## Supplied data
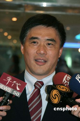 5月18日,“2006年第一届大地知音全球华人音乐创作大赛”在台北启动。国民党台北市长参选人郝龙斌出席并接受记者采访。作者:董会峰
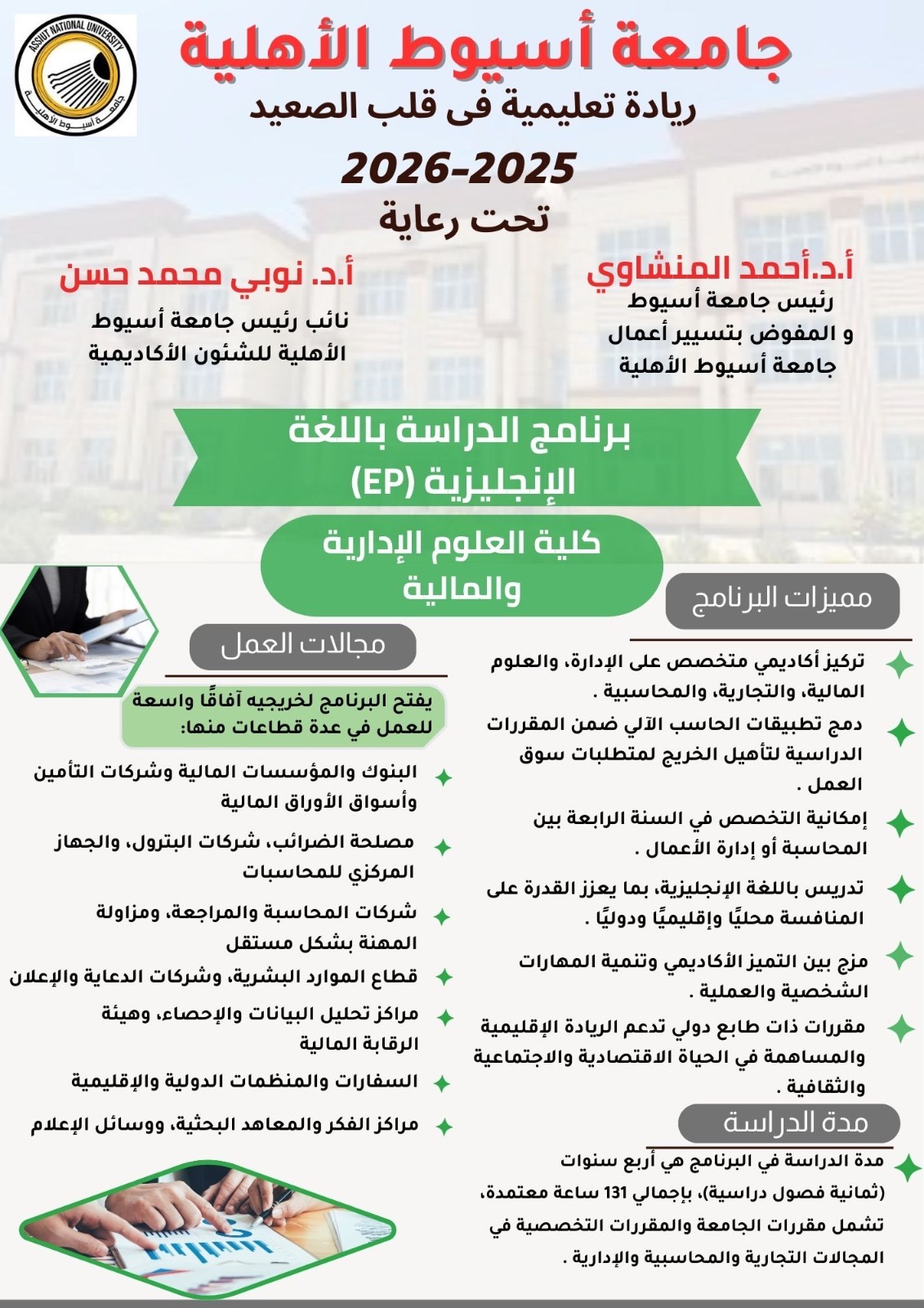 جامعة أسيوط الأهلية تطلق برنامج «الدراسة باللغة الإنجليزية (EP)» بكلية العلوم الإدارية والمالية للعام الجامعي 2025/2026
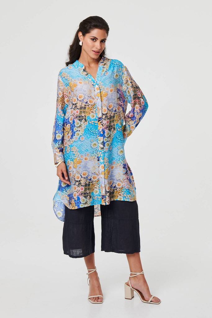 Floral Long Sleeve Longline Tunic Shirt
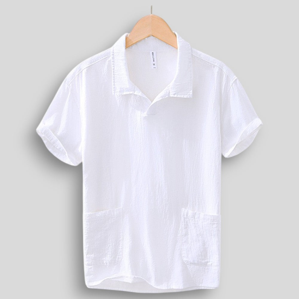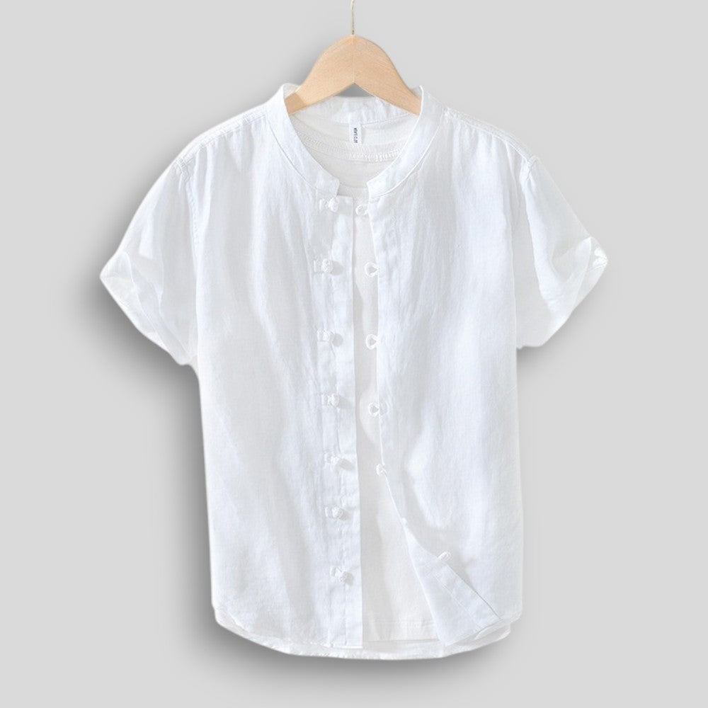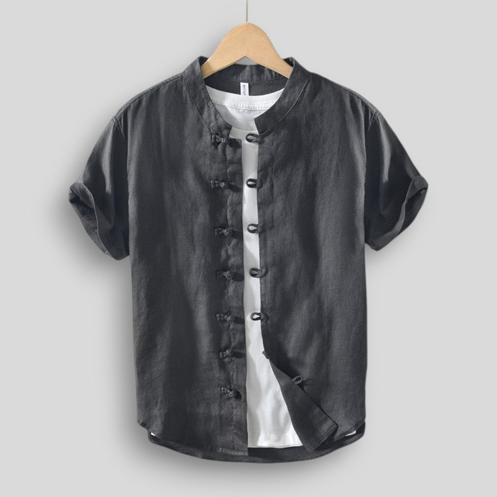 Lniana koszula męska z krótkim rękawem i tradycyjnym zapięciem – styl inspirowany Orientem
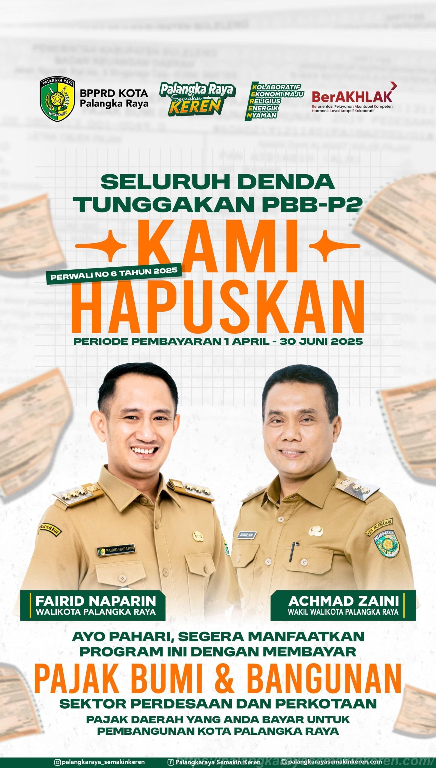 PALANGKA RAYA SEMAKIN KEREN, Palangka Raya – Kabar gembira bagi masyarakat Kota Palangka Raya! Pemerintah Kota secara resmi menghapus denda Pajak Bumi dan Bangunan (PBB) hingga akhir Juni 2025. Kebijakan ini hadir sebagai wujud kepedulian Pemko terhadap kondisi ekonomi warga pasca-Lebaran dan di tengah fluktuasi harga kebutuhan pokok.
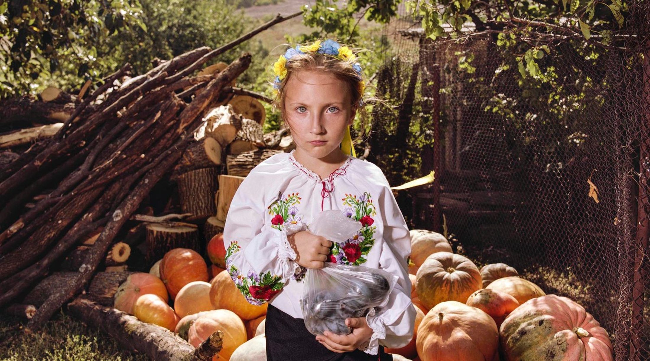 Alongside the pictures, Stop Tanks With Books also features short stories about the conflict from Ukrainian novelist Lyuba Yakimchuk, and research from the Centre of Eastern European Studies in Berlin about the millions of Ukrainians already displaced by the war. At the very beginning of the book, a map is printed too, contextualizing the region by showing us which parts were Russian occupied at the time of printing, and which parts were still under the control of Ukraine. A flurry of images of children immediately follow this, and they are interspersed with text that is printed first in Ukrainian, and then in English. Entitled Call to Action this text is a manifesto, clearly delineating the political circumstances, the human consequences, and what sanctions should be enforced.
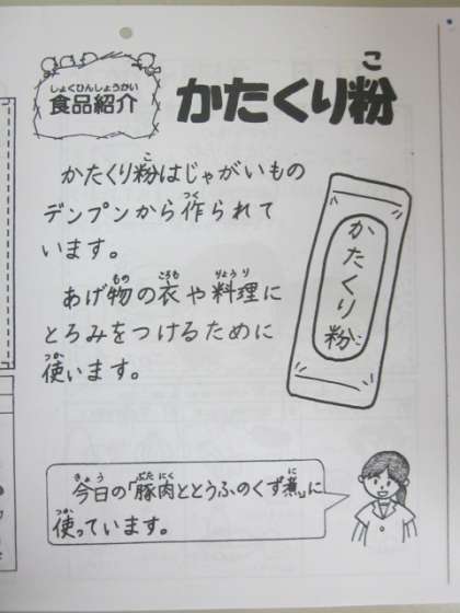 どれくらいの小学生が『片栗粉(かたくりこ)』を知っているでしょうか,興味深いですね。
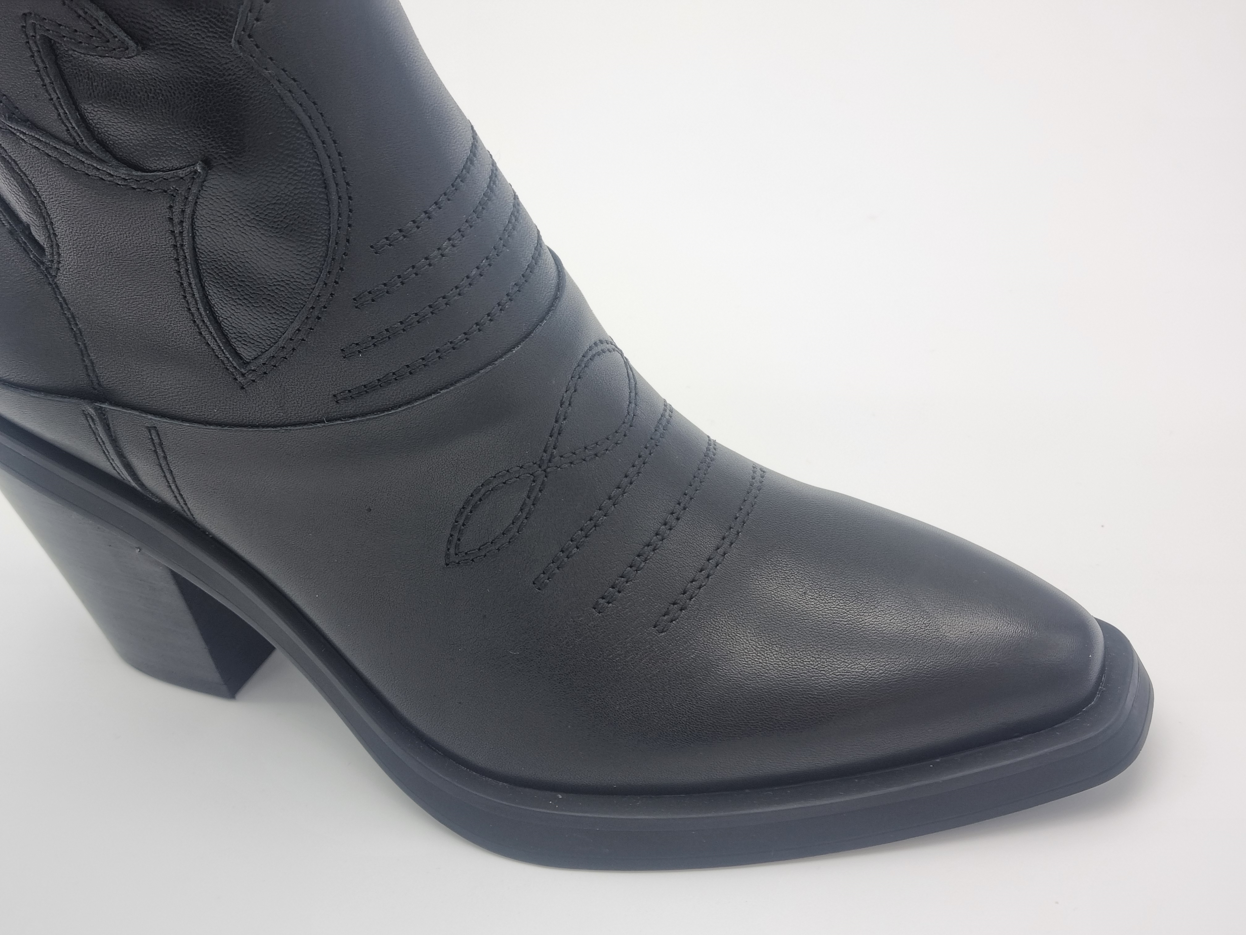 Elegante botín estilo cowboy. Combina piel y ecopiel en caña para mayor adaptabilidad. Detalles de pespuntes. Cierre con cremallera. Plantilla y forro de la horma de piel. Suela de goma. Altura 8.5 cm
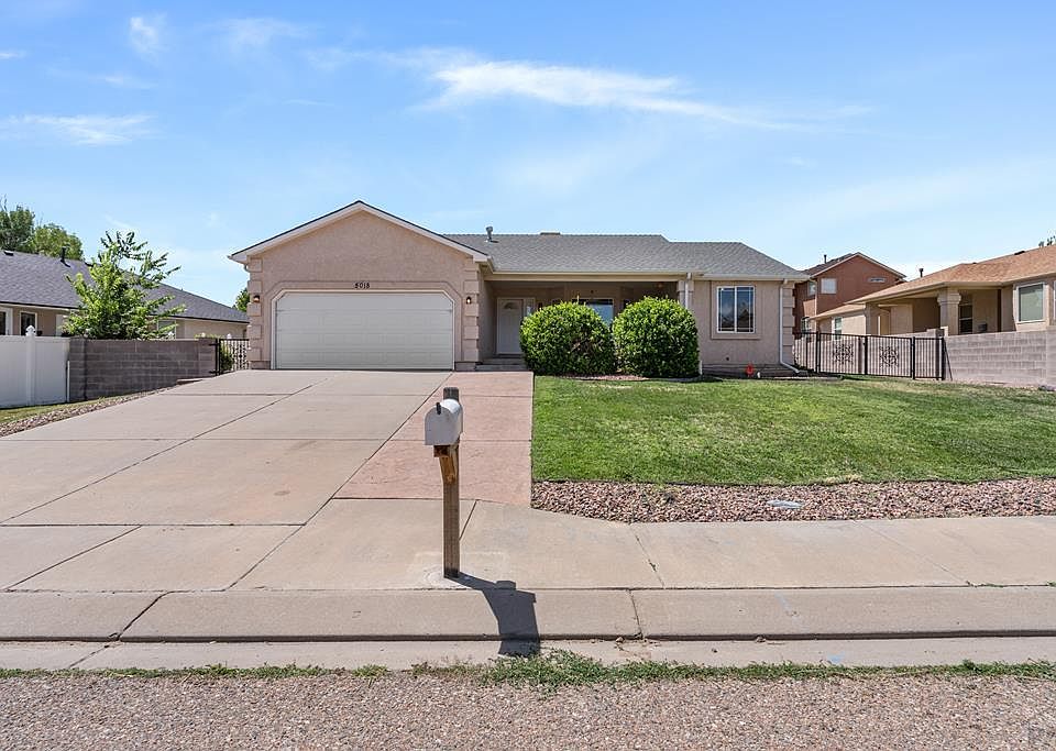 Welcome to 5018 Mojave Dr. - A beautifully updated rancher in one of Pueblo's most desirable neighborhoods - El Camino. This charming 1417 sq. ft ranch-style home has 3 bedrooms, 2 bathrooms, and an attached 2 car garage. Thoughtfully designed with a modern touch, this home offers both comfort and functionality for everyday living. Step into a bright and airy open concept living room that flows into the kitchen, perfect for entertaining. The kitchen has all new appliances, a stylish new sink and updated fixtures. For added convenience, the laundry room is located on the main. Enjoy a split bedroom layout, 2 bedrooms and a shared full bathroom on one side of the home and a spacious primary suite on the other. The primary bedroom has a walk-in closet and a generously sized ensuite bathroom. A large covered front porch adds to the home's welcoming curb appeal while the full unfinished basement offers endless potential to expand. The fully fenced backyard includes a mix of block and wrought iron fencing along with a sprinkler system to keep your landscaping easy and lush. Conveniently located near shopping, restaurants, schools and parks. Don't miss the opportunity to own this move in ready home in a sought-after Pueblo neighborhood- schedule your showing today!
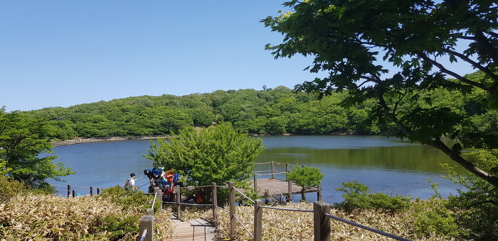 오름분화구에 물이 고여 습원을 이루는 산정호수로 둘레는 250m이며 직경은 80~ 100m입니다
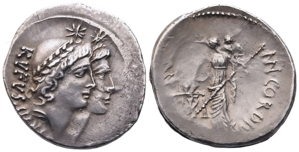 Jugate heads of Dioscuri to r.; RVFVS·III[·VIR] downwards behind; Rv. Venus Verticordia standing to l., holding scales and sceptre, Cupid at shoulder; MN·CORDIVS (MN ligate) downwards behind. Crawford 463/1a; Babelon (Cordia) 1; Sydenham 976. Old cabinet tone. Near extremely fine/extremely fine.
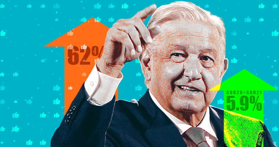 La popularidad del Presidente López Obrador repuntó 5.9 por ciento entre agosto de 2020 y agosto de 2021, con lo que llegará a su Tercer Informe de Gobierno con el apoyo de seis de cada 10 connacionales.
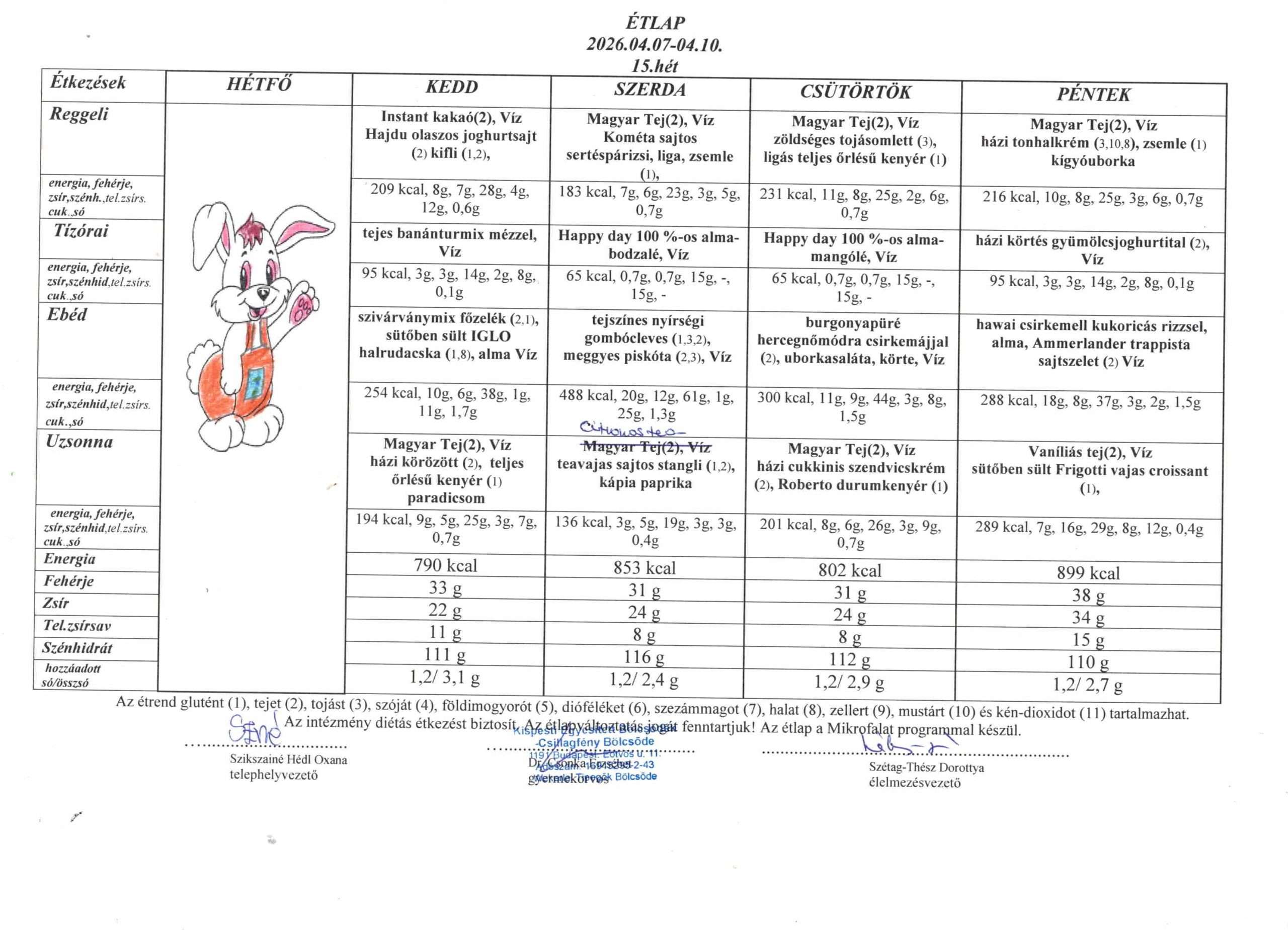 A korszerű táplálkozási elveknek megfelelően az élelmezésvezető a telephely-vezetővel és a bölcsőde orvosával közösen véleményezi és hagyja jóvá az előre elkészített étlapot, így garantálva, hogy minden étkezés megfeleljen a legmagasabb minőségi követelményeknek.

## About this exercise
The line containing "PALANGKA RAYA SEMAKIN" marks the end: copy exactly every line from the start of the records up to and including it, leaving out the pictures.

## Answer section
 5月18日,“2006年第一届大地知音全球华人音乐创作大赛”在台北启动。国民党台北市长参选人郝龙斌出席并接受记者采访。作者:董会峰
 جامعة أسيوط الأهلية تطلق برنامج «الدراسة باللغة الإنجليزية (EP)» بكلية العلوم الإدارية والمالية للعام الجامعي 2025/2026
 Floral Long Sleeve Longline Tunic Shirt
 Lniana koszula męska z krótkim rękawem i tradycyjnym zapięciem – styl inspirowany Orientem
 PALANGKA RAYA SEMAKIN KEREN, Palangka Raya – Kabar gembira bagi masyarakat Kota Palangka Raya! Pemerintah Kota secara resmi menghapus denda Pajak Bumi dan Bangunan (PBB) hingga akhir Juni 2025. Kebijakan ini hadir sebagai wujud kepedulian Pemko terhadap kondisi ekonomi warga pasca-Lebaran dan di tengah fluktuasi harga kebutuhan pokok.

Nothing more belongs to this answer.